• [REQUIRED ACTION] From the line containing "本線第一次戦では、矢田さんは" to the line containing "The pineapple is" in the records below, set down every line exactly as it stands, both ends included, and skip the pictures.

• [EXERCISE DATA]
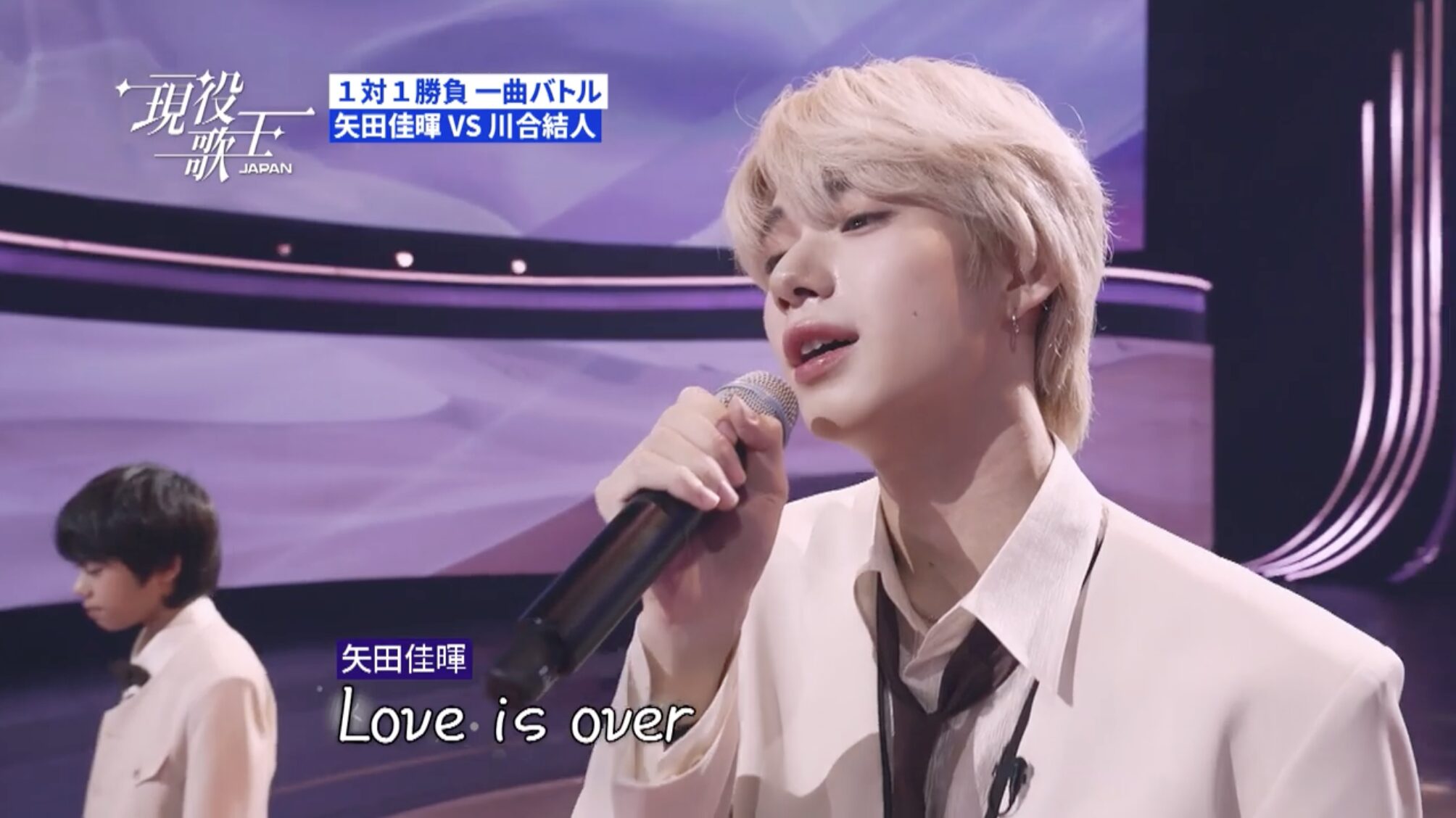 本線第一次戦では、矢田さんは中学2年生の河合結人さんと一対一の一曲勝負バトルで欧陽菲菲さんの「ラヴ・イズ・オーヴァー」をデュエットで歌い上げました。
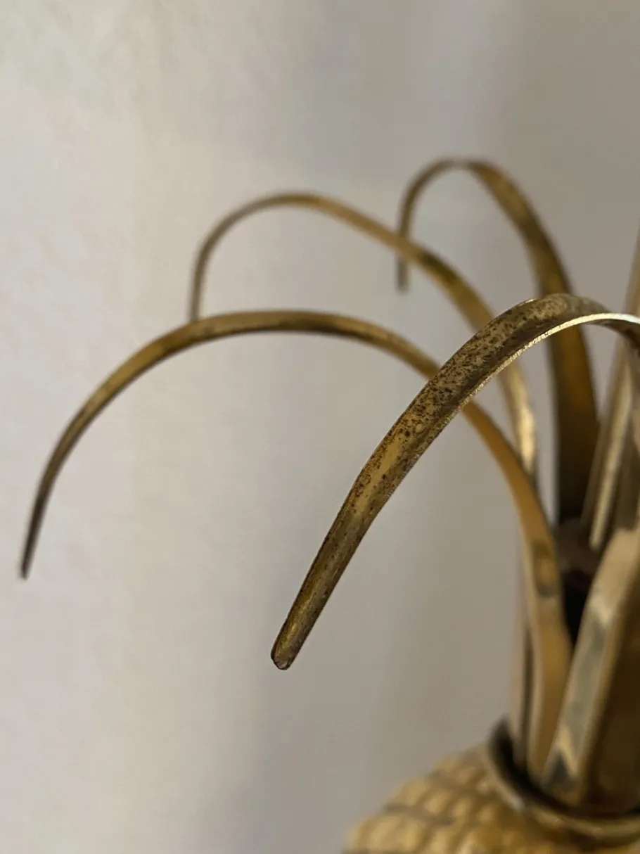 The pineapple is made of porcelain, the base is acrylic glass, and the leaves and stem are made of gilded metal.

...

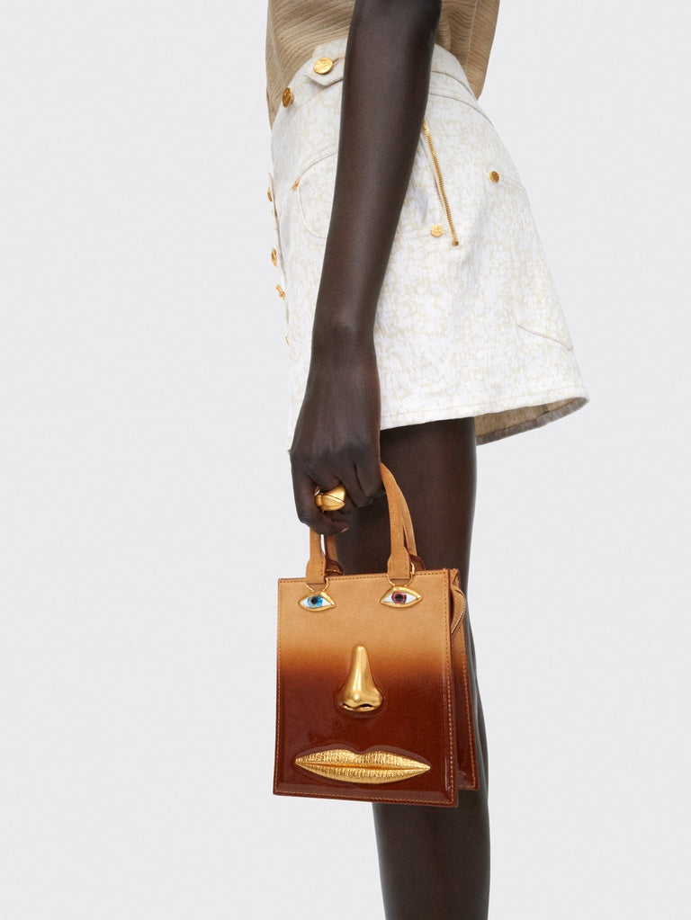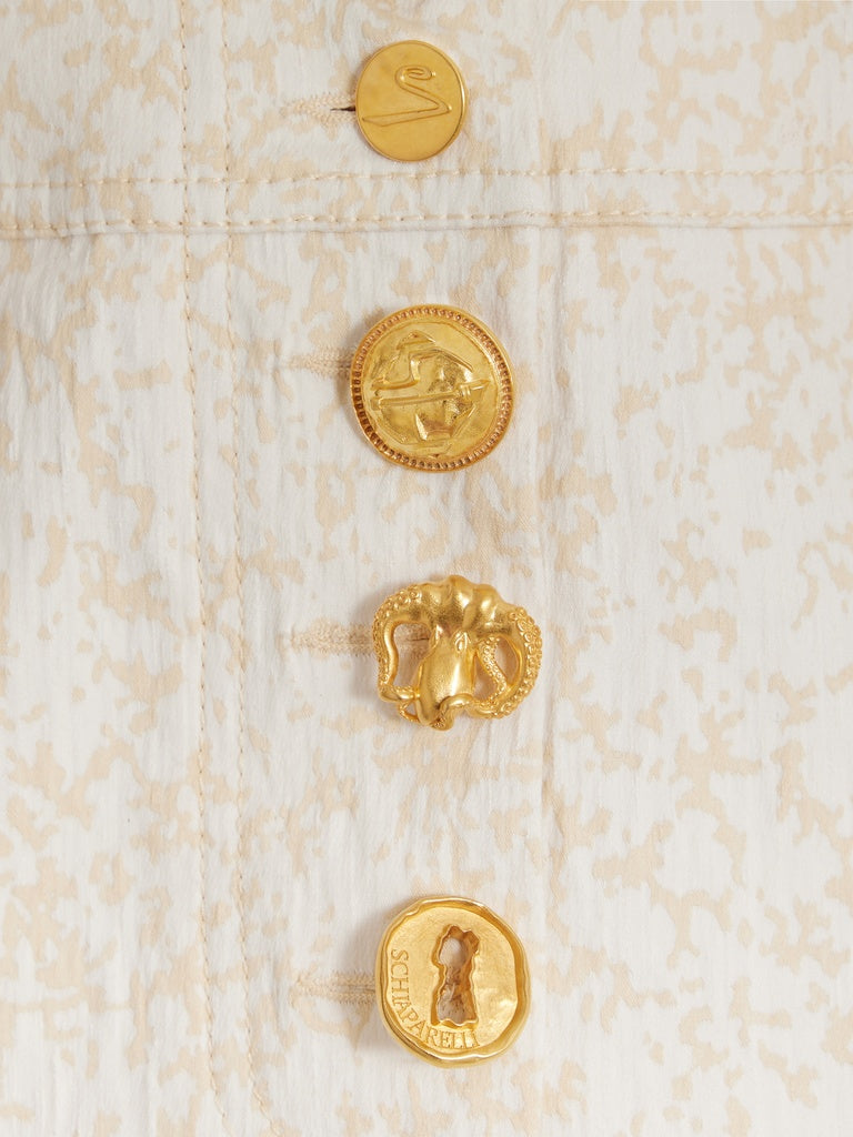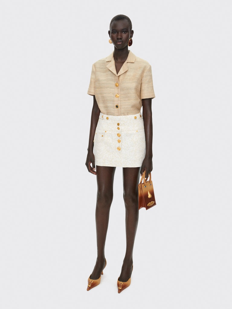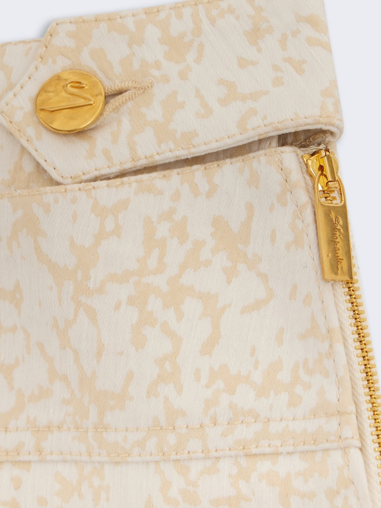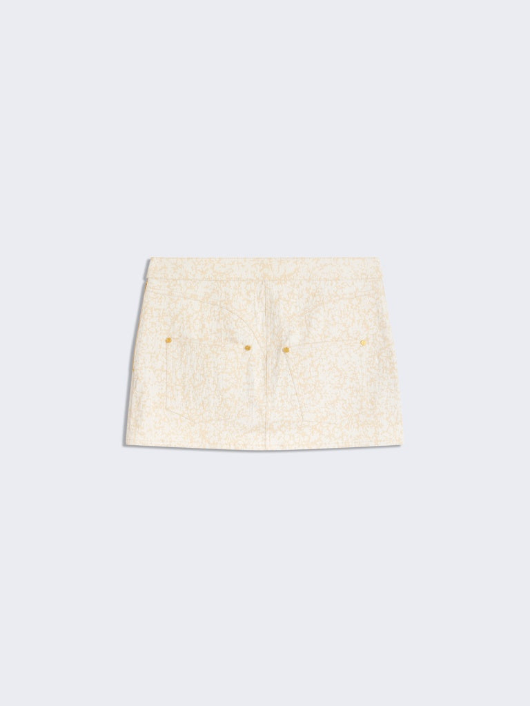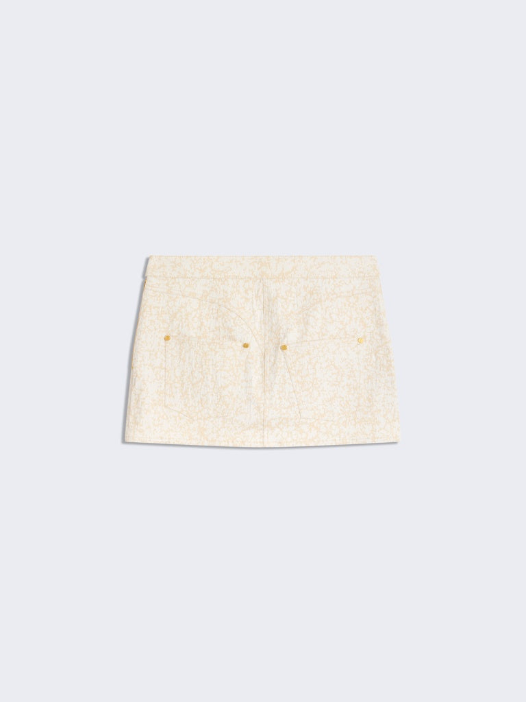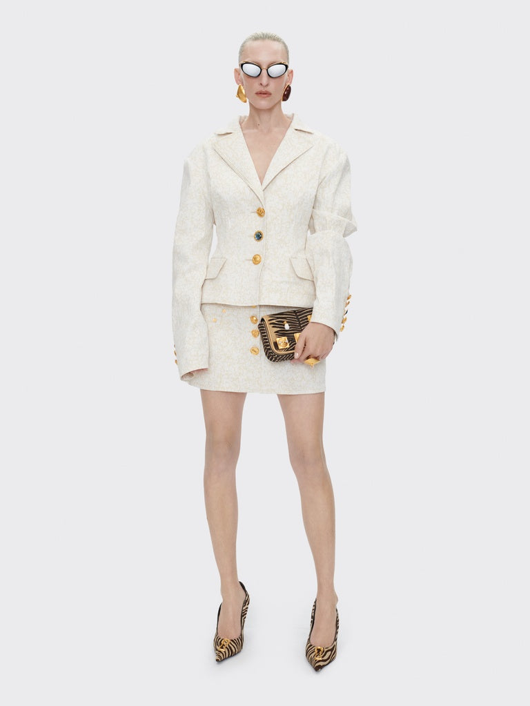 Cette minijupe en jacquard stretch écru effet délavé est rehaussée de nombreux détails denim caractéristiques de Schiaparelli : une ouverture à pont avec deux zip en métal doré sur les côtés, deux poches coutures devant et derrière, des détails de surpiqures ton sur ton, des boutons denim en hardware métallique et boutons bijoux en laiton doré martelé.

• [FINAL ANSWER]
 本線第一次戦では、矢田さんは中学2年生の河合結人さんと一対一の一曲勝負バトルで欧陽菲菲さんの「ラヴ・イズ・オーヴァー」をデュエットで歌い上げました。
 The pineapple is made of porcelain, the base is acrylic glass, and the leaves and stem are made of gilded metal.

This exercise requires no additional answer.